What the exercise asks:
Every line in the data below has to be repeated exactly; no picture belongs in the result.

Given information:
________________________________________

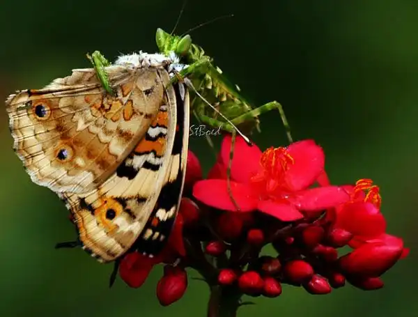 Чтоб поймать добычу, богомолы с молниеносной скоростью набрасываются на жертву, пронзая её передними лапами. На этом фото видно, насколько крепко богомол схватил бабочку в свои смертельные объятия
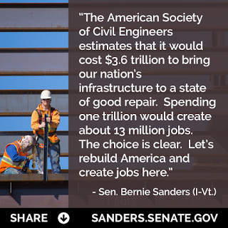 13 million x 3.6 is 46.8 million. The US labor force, employed and unemployed, is 156 million. We could employ everyone who wants a job and have jobs left over. This does not count the new construction needed to deal with global warming. I read articles about how robots are going to make everyone unemployed. Long term this might be true. But short term we have to rebuild the world. After that is done, we can worry about unemployment.
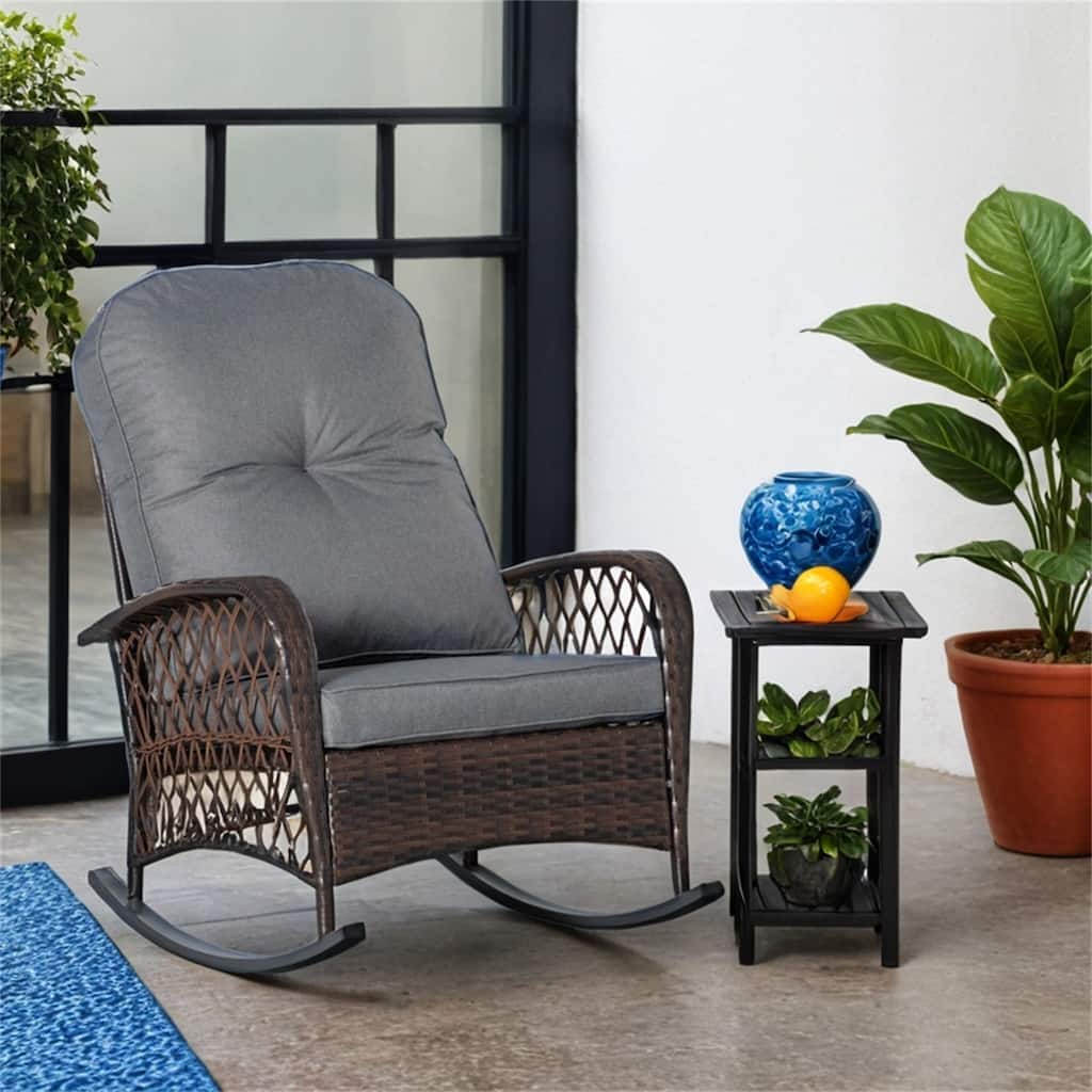 Descriptions:Can't choose between an Adirondack, a wicker chair, and a rocking chair? Have all 3-in-1. Outsunny offers a PE rattan rocking chair with an Adirondack shape. Sway back and forth through the breeze. Our patio rocking chair has a tilted seat, a tall back, and a fully cushioned surface. Unwind and indulge. Hand woven with polyethylene, it offers the same look as classic wicker with better resistance to UV and water. Get out and get comfy in an Outsunny Adirondack rocking chair.

________________________________________

Reply:
 Чтоб поймать добычу, богомолы с молниеносной скоростью набрасываются на жертву, пронзая её передними лапами. На этом фото видно, насколько крепко богомол схватил бабочку в свои смертельные объятия
 13 million x 3.6 is 46.8 million. The US labor force, employed and unemployed, is 156 million. We could employ everyone who wants a job and have jobs left over. This does not count the new construction needed to deal with global warming. I read articles about how robots are going to make everyone unemployed. Long term this might be true. But short term we have to rebuild the world. After that is done, we can worry about unemployment.
 Descriptions:Can't choose between an Adirondack, a wicker chair, and a rocking chair? Have all 3-in-1. Outsunny offers a PE rattan rocking chair with an Adirondack shape. Sway back and forth through the breeze. Our patio rocking chair has a tilted seat, a tall back, and a fully cushioned surface. Unwind and indulge. Hand woven with polyethylene, it offers the same look as classic wicker with better resistance to UV and water. Get out and get comfy in an Outsunny Adirondack rocking chair.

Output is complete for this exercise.